### EXERCISE BRIEF
Print the lines in the listing below starting at the line with "Looking for a" and ending at the line with "다시 m.Stock 첫", both included. Reproduce them exactly and omit every picture.

### TASK MATERIAL
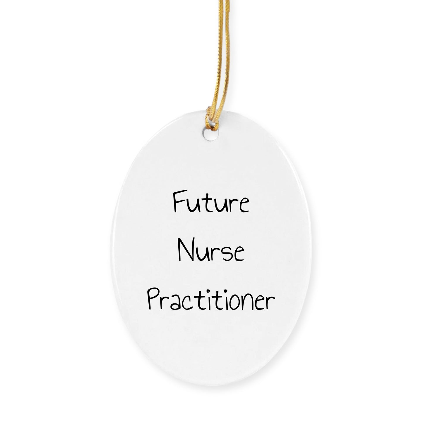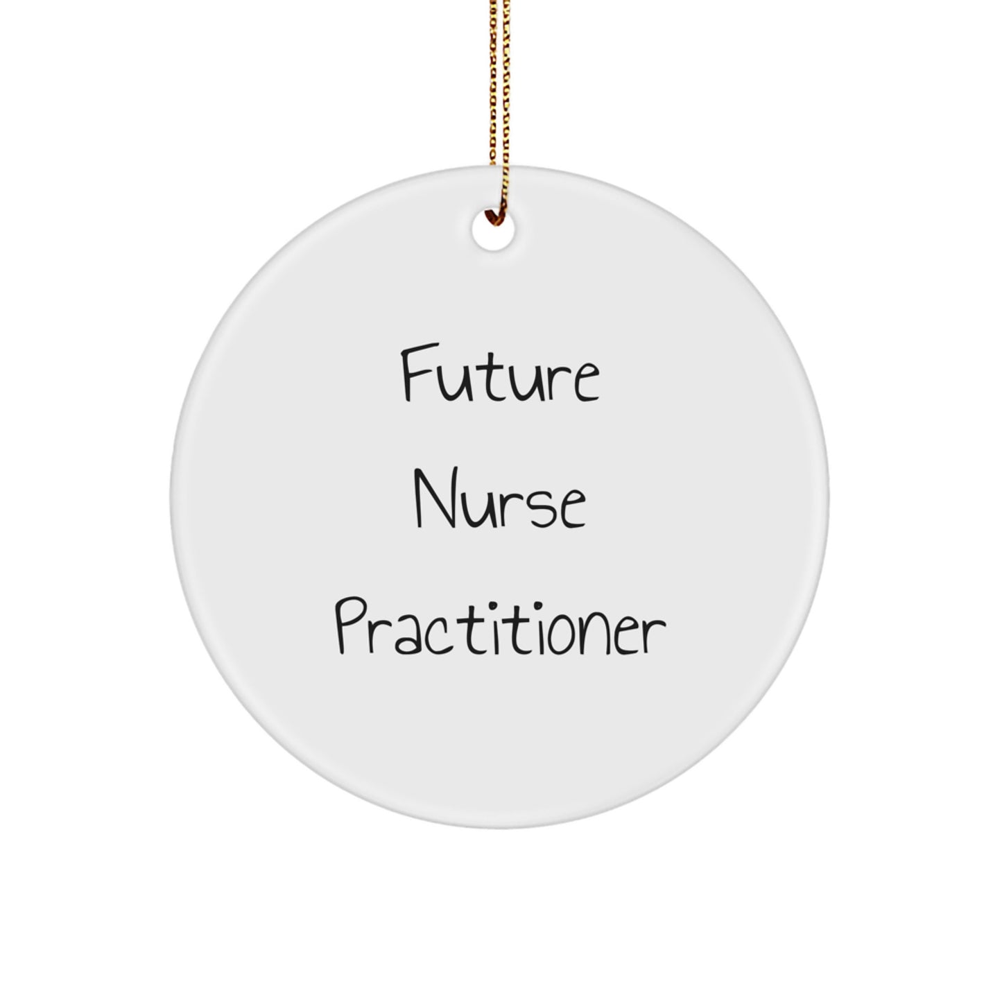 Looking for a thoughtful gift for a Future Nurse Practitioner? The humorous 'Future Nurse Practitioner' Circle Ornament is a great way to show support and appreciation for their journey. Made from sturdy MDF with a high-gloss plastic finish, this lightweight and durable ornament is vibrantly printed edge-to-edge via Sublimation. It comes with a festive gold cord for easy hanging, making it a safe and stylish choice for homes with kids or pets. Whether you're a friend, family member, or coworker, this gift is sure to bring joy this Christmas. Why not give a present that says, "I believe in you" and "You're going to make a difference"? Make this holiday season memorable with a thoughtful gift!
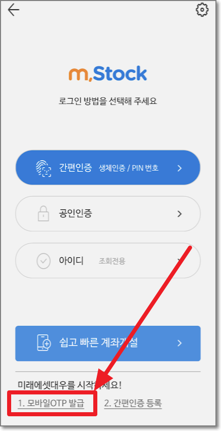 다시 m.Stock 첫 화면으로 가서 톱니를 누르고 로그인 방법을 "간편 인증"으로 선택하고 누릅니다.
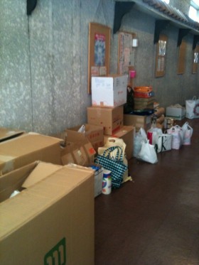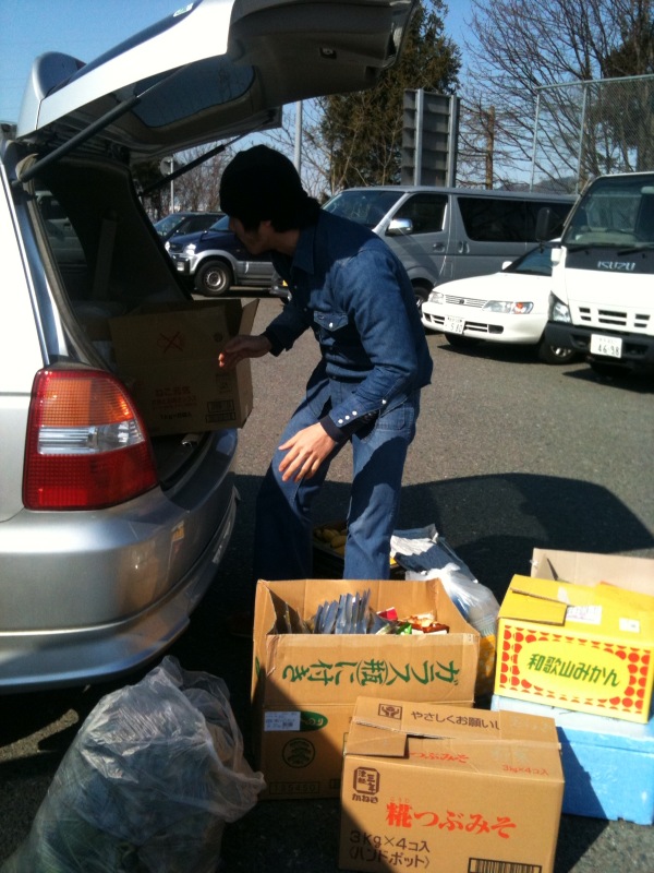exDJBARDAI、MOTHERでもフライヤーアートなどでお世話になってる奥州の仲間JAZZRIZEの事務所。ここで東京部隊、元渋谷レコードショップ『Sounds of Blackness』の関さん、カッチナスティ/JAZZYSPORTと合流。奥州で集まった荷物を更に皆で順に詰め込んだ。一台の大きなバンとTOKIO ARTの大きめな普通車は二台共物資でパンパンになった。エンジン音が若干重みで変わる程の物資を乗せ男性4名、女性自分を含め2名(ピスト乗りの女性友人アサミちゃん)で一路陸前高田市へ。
==
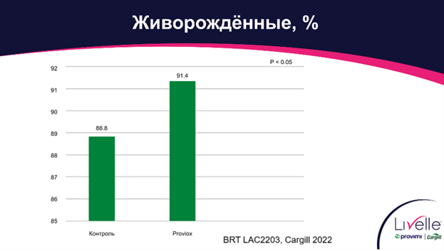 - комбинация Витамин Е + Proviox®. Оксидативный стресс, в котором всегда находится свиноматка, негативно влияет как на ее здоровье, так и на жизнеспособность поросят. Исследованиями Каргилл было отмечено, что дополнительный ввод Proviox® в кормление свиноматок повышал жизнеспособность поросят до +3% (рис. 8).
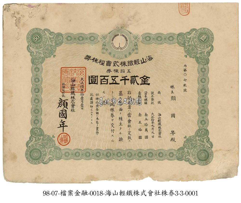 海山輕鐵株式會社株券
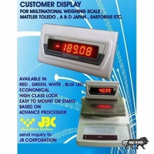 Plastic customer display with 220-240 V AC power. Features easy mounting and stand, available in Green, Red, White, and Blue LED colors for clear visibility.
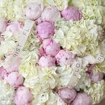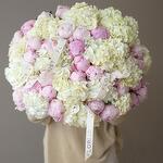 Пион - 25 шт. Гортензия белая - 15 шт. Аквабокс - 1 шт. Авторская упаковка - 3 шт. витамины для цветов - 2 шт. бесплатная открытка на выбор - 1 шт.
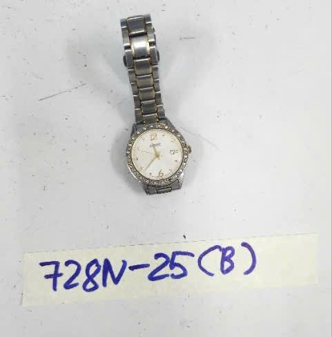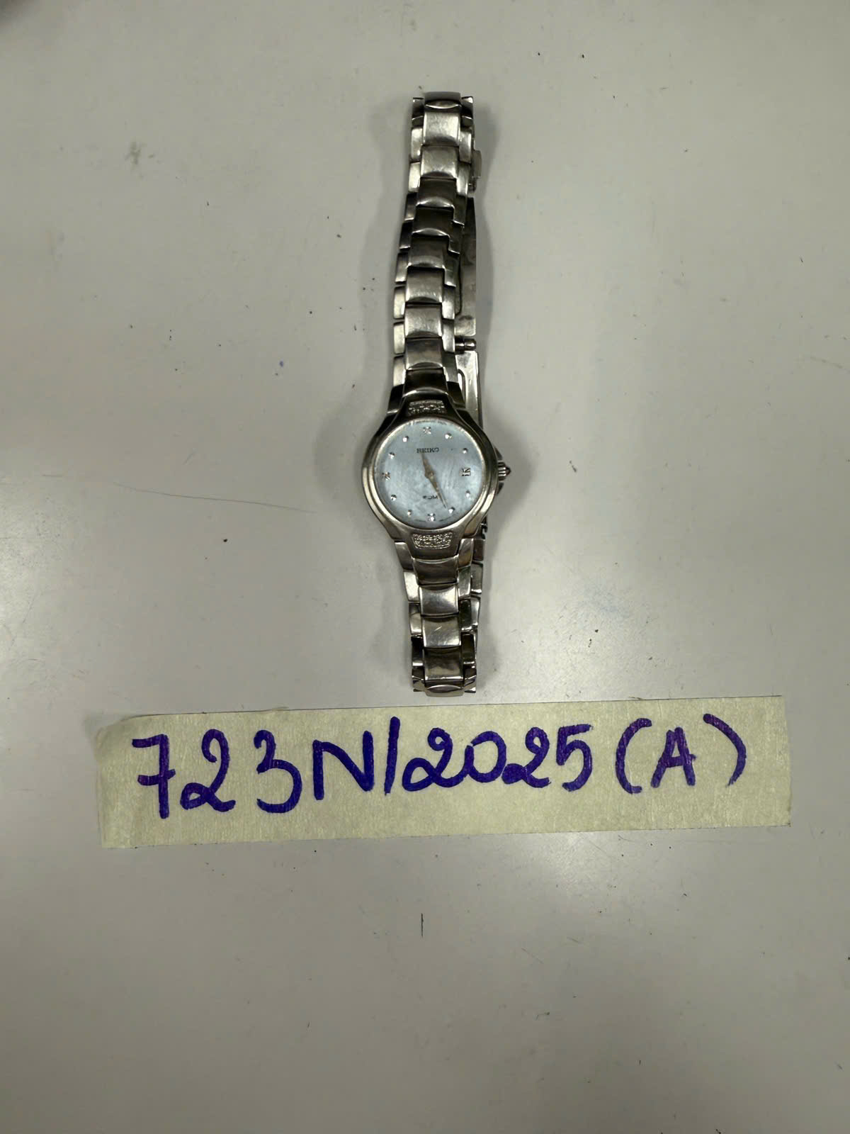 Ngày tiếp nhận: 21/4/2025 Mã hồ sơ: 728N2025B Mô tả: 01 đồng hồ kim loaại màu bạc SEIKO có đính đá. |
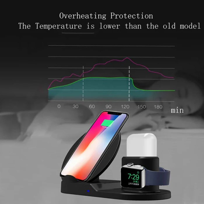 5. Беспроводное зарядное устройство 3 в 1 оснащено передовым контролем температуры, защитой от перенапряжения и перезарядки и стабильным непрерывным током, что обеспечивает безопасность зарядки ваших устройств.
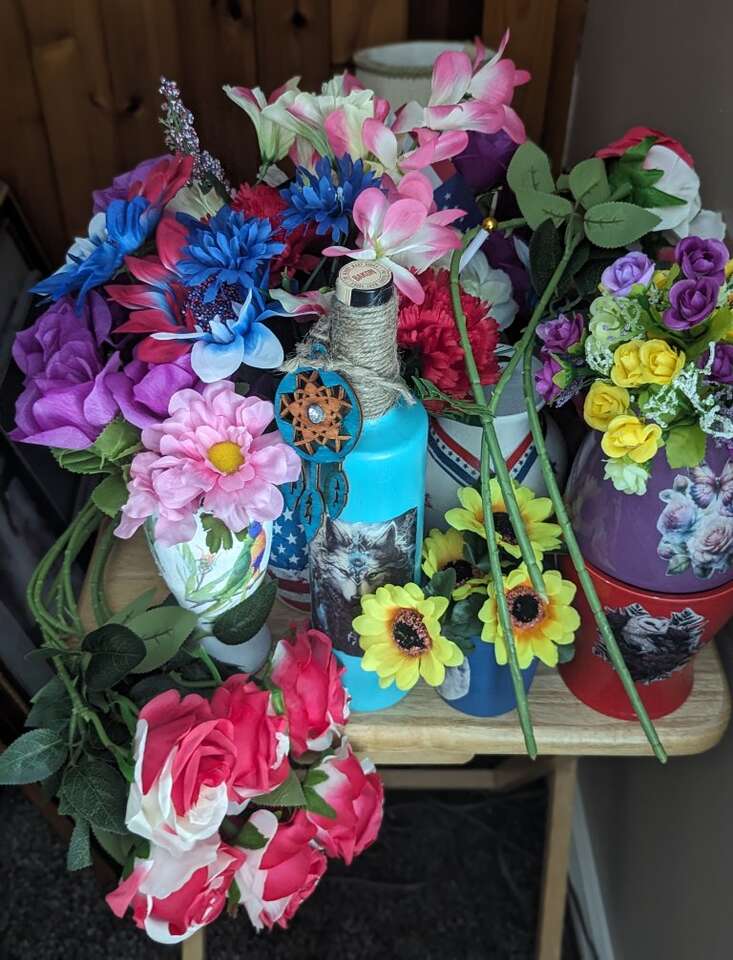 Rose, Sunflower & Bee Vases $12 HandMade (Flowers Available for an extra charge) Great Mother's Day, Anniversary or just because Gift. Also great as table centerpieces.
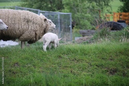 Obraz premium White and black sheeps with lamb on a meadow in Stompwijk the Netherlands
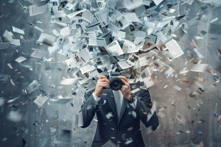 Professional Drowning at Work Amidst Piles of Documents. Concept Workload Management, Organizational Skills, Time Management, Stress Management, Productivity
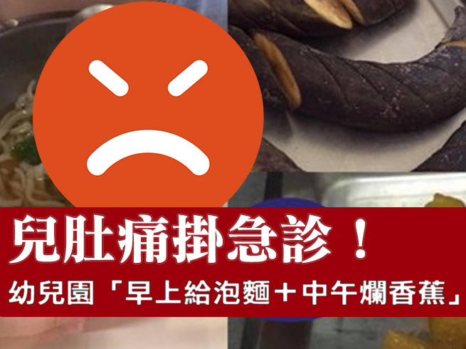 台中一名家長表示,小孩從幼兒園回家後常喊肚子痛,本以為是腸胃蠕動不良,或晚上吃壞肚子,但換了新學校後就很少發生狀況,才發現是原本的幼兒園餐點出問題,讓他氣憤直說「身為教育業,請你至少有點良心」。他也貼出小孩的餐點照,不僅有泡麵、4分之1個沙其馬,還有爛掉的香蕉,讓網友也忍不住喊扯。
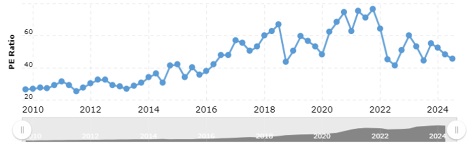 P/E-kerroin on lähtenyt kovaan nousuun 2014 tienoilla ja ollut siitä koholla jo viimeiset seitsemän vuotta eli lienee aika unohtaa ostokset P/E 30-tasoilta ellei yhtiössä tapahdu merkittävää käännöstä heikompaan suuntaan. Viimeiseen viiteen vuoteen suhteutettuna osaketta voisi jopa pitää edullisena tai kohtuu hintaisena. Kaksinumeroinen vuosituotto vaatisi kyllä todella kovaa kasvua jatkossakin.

### EXERCISE OUTPUT
 Looking for a thoughtful gift for a Future Nurse Practitioner? The humorous 'Future Nurse Practitioner' Circle Ornament is a great way to show support and appreciation for their journey. Made from sturdy MDF with a high-gloss plastic finish, this lightweight and durable ornament is vibrantly printed edge-to-edge via Sublimation. It comes with a festive gold cord for easy hanging, making it a safe and stylish choice for homes with kids or pets. Whether you're a friend, family member, or coworker, this gift is sure to bring joy this Christmas. Why not give a present that says, "I believe in you" and "You're going to make a difference"? Make this holiday season memorable with a thoughtful gift!
 다시 m.Stock 첫 화면으로 가서 톱니를 누르고 로그인 방법을 "간편 인증"으로 선택하고 누릅니다.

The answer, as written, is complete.